Toshiba Corp said it would raise ¥600 billion (US$5.35 billion) from a sale of new shares, a key step that would allow the troubled conglomerate to remain a publicly traded company even if the sale of its chip unit is delayed.
Toshiba’s board on Sunday met and approved a plan to raise ¥600 billion by offering new shares to 60 overseas investors who have signed up for the deal, the company said.
The company would also explore a divestment of assets related to its bankrupt US nuclear power business, Westinghouse Electric Co LLC, the company said.
Toshiba needs to raise ¥750 billion by the end of March next year to plug a balance sheet hole left by Westinghouse, or the company will be delisted from the Tokyo Stock Exchange.
The company would use proceeds from the share sale to pay off liabilities related to Westinghouse and book losses that would allow tax write-offs sufficient to boost its assets back above liabilities, the company said.

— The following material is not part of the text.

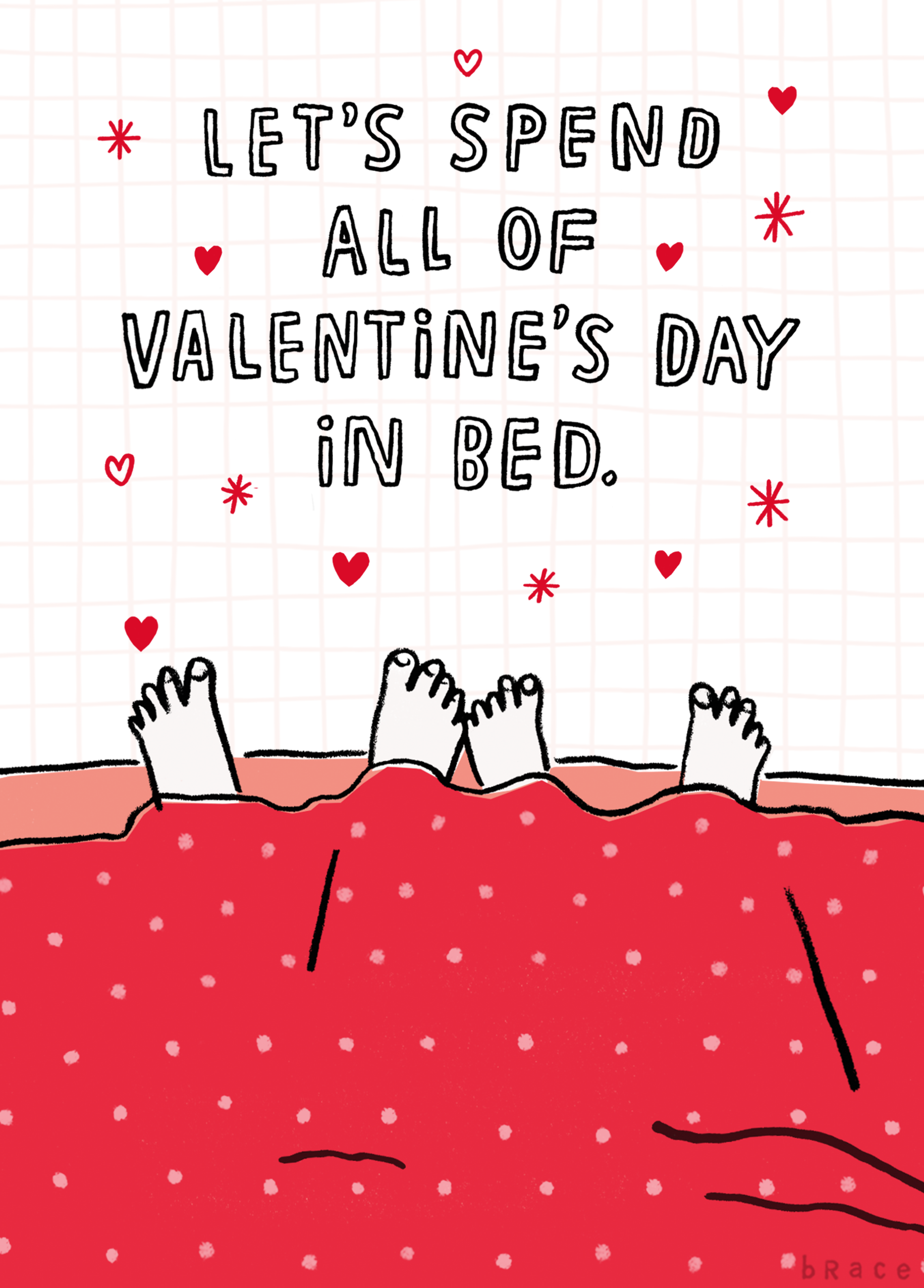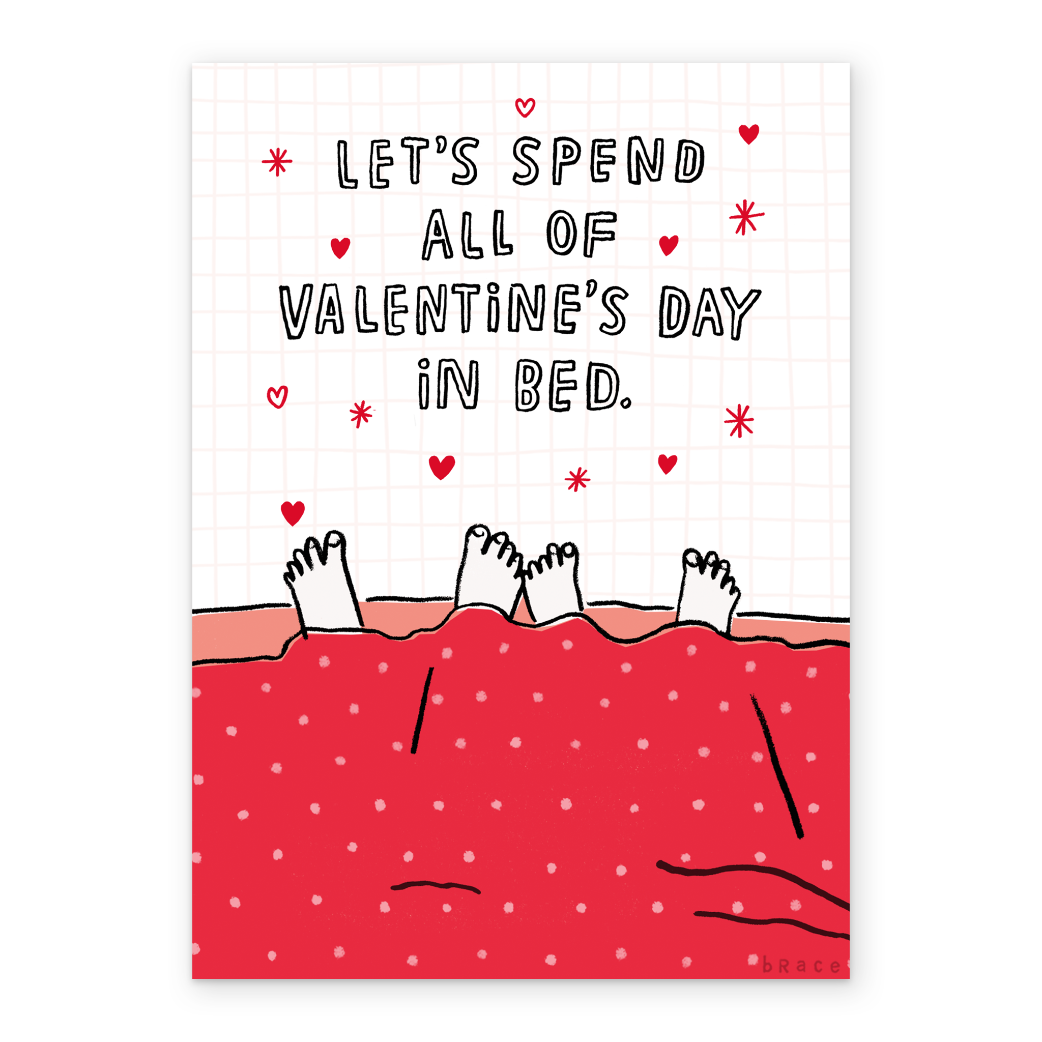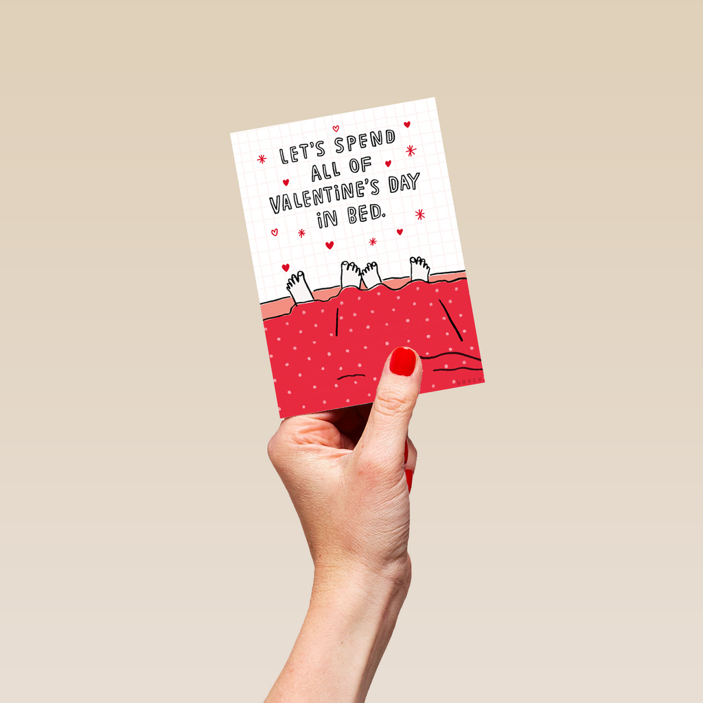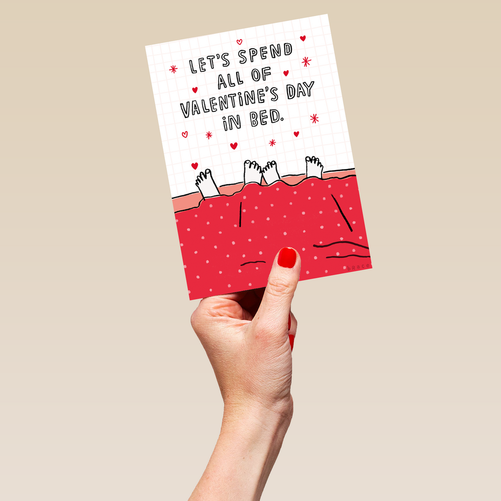 Printed on premium-quality board, this card features feet sticking out of the bottom of the duvet, with the message 'Let's spend all of Valentine's Day in bed', and comes complete with a co-ordinating white envelope.

The share sale, together with the tax write-offs, would boost Toshiba’s balance sheet by at least ¥840 billion in total, it said.
Toshiba is to issue the new shares at ¥262.8 per share, a 10-percent discount to Friday’s closing price of ¥292.
Payments from investors for the new shares are to be completed on Dec. 5, the company said.
Singapore-based fund Effissimo Capital Management Pte Ltd, established by former colleagues of Japan’s most famous activist investor Yoshiaki Murakami, are to become the largest shareholder in Toshiba with an 11.34 percent stake.
Toshiba is clawing its way back after an accounting scandal in 2015 that was followed by a multibillion-dollar loss in its nuclear operations in the US. The company agreed in September to sell its prized chip unit — Toshiba Memory Corp — to a group led by Bain Capital LP for US$18 billion.
However, potentially lengthy regulatory reviews in different countries mean the deal might not close before the end of March.